Eagles build their nests high in the mountains or high up in a tree. They take sticks and branches to form their nest and then line it with softer things for their young. As the eaglets grow, the mother tears away the soft things that once made them comfortable. In the midst of their complaining, she flutters over them and their attention is drawn away from the painful sticks to a language in her wings. As she spreads her wings abroad, they marvel at her strength.
When they are ready to learn to fly, she stands on the edge of the nest and lays her wing down so that the eaglets can climb on. She then takes them up one at a time. They ride on her wings for a while, feeling safe and secure, and then, without notice, she gives a sudden lurch and the eaglet rolls over, beating his wings in the air as he tumbles toward the ground.

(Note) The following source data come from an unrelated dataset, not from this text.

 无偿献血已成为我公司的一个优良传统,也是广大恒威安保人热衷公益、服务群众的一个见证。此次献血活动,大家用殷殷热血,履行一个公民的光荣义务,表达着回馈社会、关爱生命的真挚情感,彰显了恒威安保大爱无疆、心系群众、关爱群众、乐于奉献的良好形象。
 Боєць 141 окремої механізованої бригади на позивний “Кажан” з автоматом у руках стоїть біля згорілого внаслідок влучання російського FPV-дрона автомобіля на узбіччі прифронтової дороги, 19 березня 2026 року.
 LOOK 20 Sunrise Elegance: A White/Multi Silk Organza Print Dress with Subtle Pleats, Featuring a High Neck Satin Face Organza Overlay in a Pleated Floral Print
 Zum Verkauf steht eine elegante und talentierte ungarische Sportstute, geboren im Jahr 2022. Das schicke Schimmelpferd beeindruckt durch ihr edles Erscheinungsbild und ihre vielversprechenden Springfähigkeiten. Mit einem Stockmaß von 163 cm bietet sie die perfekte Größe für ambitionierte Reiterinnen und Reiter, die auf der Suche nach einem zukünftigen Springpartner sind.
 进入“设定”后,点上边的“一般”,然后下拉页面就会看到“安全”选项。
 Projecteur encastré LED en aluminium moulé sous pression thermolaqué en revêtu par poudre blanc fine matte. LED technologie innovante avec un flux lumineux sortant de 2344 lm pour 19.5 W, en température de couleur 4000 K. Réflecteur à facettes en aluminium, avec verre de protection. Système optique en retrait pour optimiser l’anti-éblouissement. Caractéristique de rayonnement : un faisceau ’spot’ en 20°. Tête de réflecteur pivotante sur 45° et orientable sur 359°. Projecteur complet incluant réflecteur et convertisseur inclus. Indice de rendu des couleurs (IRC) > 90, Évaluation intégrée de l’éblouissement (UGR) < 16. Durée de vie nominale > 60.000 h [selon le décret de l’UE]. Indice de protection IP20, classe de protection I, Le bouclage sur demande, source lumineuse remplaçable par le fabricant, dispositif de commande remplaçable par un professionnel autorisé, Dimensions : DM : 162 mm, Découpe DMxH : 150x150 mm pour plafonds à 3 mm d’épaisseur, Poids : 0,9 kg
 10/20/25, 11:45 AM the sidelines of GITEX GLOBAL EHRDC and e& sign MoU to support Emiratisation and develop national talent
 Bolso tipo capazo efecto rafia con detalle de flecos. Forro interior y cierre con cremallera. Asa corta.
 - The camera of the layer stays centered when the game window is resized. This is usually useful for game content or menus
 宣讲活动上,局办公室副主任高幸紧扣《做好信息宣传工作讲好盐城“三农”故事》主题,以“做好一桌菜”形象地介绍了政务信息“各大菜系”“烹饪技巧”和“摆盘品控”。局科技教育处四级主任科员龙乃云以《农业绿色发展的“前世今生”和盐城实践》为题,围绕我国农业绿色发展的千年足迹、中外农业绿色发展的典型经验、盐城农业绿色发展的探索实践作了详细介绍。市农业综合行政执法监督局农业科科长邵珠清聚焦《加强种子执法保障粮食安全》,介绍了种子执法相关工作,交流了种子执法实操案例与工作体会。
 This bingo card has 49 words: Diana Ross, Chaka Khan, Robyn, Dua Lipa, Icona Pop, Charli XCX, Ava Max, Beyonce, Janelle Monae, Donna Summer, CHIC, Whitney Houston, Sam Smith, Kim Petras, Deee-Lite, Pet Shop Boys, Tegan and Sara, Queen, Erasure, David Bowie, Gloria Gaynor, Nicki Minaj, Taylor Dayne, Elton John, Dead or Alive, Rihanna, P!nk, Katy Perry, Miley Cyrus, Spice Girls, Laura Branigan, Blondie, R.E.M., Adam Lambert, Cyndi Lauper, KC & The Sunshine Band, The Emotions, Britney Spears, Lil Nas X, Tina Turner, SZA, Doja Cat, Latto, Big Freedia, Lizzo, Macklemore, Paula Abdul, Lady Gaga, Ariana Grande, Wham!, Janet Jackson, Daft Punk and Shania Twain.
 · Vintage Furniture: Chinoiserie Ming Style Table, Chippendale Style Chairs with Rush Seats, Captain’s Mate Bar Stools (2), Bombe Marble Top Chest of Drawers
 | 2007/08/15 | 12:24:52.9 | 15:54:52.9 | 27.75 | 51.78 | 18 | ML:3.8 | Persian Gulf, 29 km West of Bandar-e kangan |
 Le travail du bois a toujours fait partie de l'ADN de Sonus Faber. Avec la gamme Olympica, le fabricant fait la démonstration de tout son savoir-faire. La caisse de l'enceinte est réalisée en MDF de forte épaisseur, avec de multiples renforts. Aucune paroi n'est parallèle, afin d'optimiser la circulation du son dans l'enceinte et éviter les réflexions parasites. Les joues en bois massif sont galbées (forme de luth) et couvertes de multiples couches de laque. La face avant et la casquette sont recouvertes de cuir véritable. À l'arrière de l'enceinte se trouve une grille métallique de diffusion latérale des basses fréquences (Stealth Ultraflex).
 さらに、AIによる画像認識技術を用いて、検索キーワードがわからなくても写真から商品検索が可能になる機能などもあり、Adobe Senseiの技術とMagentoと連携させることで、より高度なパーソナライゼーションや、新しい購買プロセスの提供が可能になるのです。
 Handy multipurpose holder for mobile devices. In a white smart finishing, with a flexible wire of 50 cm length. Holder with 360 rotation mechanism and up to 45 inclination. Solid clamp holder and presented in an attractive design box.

The mother keeps a close eye on the eaglet, and when she sees that her baby is at the point of desperation, she shoots downward with the accuracy of a bullet and catches it on her wing. The process is repeated until the eaglet learns to fly.
Wasn’t it the same for you when you readied your nest for your adopted child? Even though your nest was built with the sticks and thorns of loss, you did whatever possible to make your home as welcoming and comfortable as possible. You got up in the middle of the night, changed diapers, warmed bottles, soothed nightmares, and delighted over her day and night. When you saw that she felt secure with you and within your nest, you began removing some of the soft things from the nest. “You were adopted.” “No, you didn’t grow in mommy’s tummy.” “Yes, birth mommy is gone.”
In the midst of her grieving, you fluttered over her and she began to learn of your strength and your ability to protect. “I am here for you.” “I will never abandon you.” “You are safe with me.”
Now you stretch out your wing and she climbs on. Through the skies you soar together. Higher. Higher. Higher. As you soar, a desire grows within her to develop her own sense of power. “I want to learn how to fly like Mommy.”
When you are sure she has seen empowerment modeled by you, you give a sudden lurch and let her try her wings. Perhaps it’s going to preschool, perhaps a visit with a neighbor. As you tip her off your back, the chaotic, painful feelings from the past flood her soul. The abandonment. The loneliness. The panic. She flutters her wings furiously and makes a valiant attempt at trying to fly with a sense of personal power like you do. When she is about at wits end, you swoop down and carry her once again and she rests in your strength.
In time, your child learns how to gain her own sense of personal power. “I am no longer a victim!” “I have choices!” “I can feel secure in spite of the losses of the past.” “I can feel safe even when I am away from those who love me.” “I can fly!”